Рене как током ударила эта весть. Талант молодого летчика-истребителя только начал раскрываться. Комэск возлагал на него большие надежды. Изменчивы бойцовское счастье, удача. Рене взглянул на Ревершона, на его амулет. И вспомнил, как неделю назад Ирибарн в поисках какой-то потерянной вещи перевернул вверх дном все в комнате, где жил с летчиками.
— Шарль, ты не знаешь, что пропало тогда у Робера?
— Такой же мишка от Люси…
«Теперь понятно, почему Ревершон вспомнил о Ирибарне, — подумал Шалль. — Он уверен, что именно этот медвежонок спас ему жизнь».
Из госпиталя лишившийся ноги Шарль Ревершон отправился в Лондон, Рене Шалль — во Францию. Последний увез что ни есть горчайшую весть для матери; 27 марта в неравном бою погиб младший брат Морис. После того как им был подбит русский самолет, Морис все время жаждал собственной кровью смыть вину. Он смыл ее вражьей, сразив десять пиратов-гитлеровцев.
Через Шталупинен и Гумбинен пролегали шоссейные и железнодорожные магистрали, ведущие к Кенигсбергу и его порту. По ним днем и ночью двигались автоколонны и эшелоны противника в обоих направлениях. Две недели шли бои за эти жизненно важные для врага коммуникационные узлы. И конечно же здесь хватало работы авиации.
Мартен во главе четверки вылетел сюда с заданием «очистить небо от фашистских самолетов».
Когда вошли в нужный сектор, Игорь-Мишель запросил по радио:
— Сообщите ваше местонахождение?
— Три километра к югу от Шталупинена.
— Отлично.

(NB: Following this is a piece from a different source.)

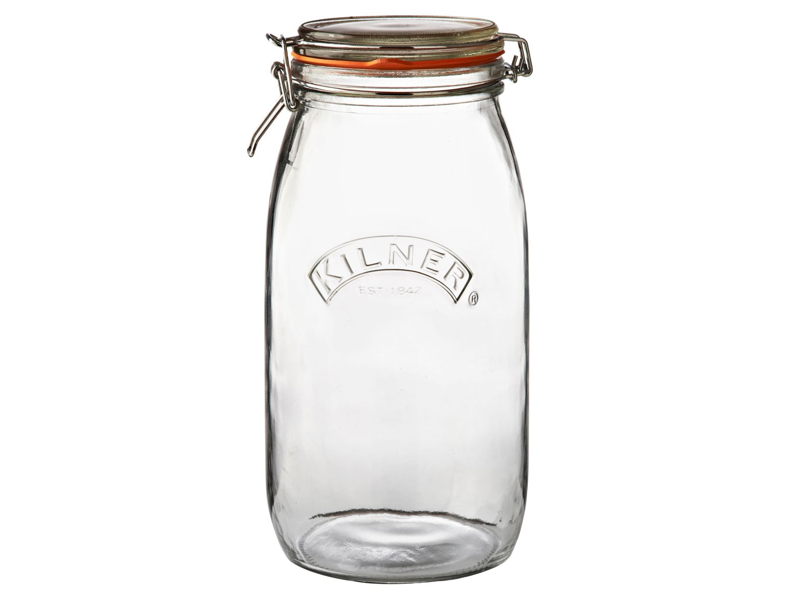 Kilner ronde glazen bokaal met beugelsleuting van 3 liter heeft het Kilner merk in reliëf aan de voorkant en is afgewerkt met een oranje rubberen afdichting. De potten zijn perfect voor het bewaren van droge levensmiddelen en voor het bewaren van fruit, jam en chutneys.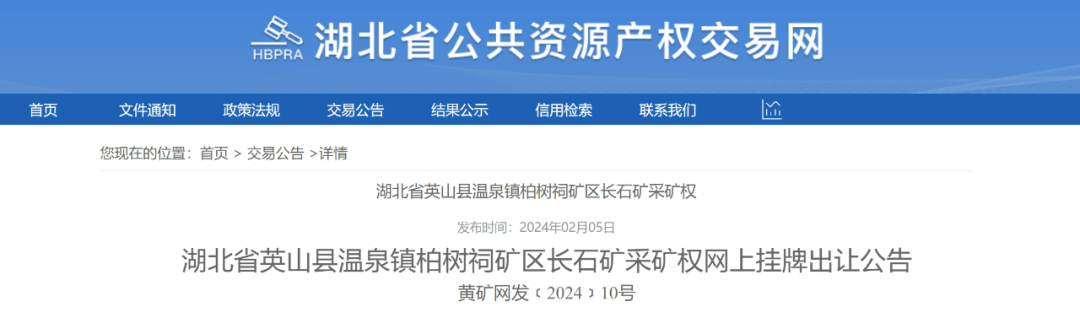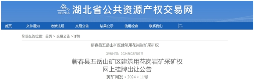 該礦位于英山縣溫泉鎮柏樹祠村,礦區面積0.35平方公里,開采礦種為長石礦、建筑石料礦(建筑用花崗巖、建筑用片麻巖)。礦區范圍內資源儲量共4840.1萬噸(建筑用石料礦資源量4801.3萬噸,長石礦38.8萬噸),生產規模484萬噸/年(建筑石料礦480萬噸/年、長石礦4萬噸/年),出讓年限10年,起始價8337萬元。網上掛牌起止時間2024年3月9日-2024年3月25日。

Шесть «фоккеров» идут от Гумбинена.
— Понял. Движемся навстречу.
Через секунду:
— Восемь «фокке-вульфов» идут от Гумбинена.
«Так сколько же их — шесть или восемь? — спросил себя Рене Мартен. — Собственно, какое это имеет значение! Захаров говорит, повторяя Суворова: врагов не считают — их бьют».
Все же их оказалось восемь. Они перестраивались выше «нормандцев», готовясь ринуться в пике на наши траншеи.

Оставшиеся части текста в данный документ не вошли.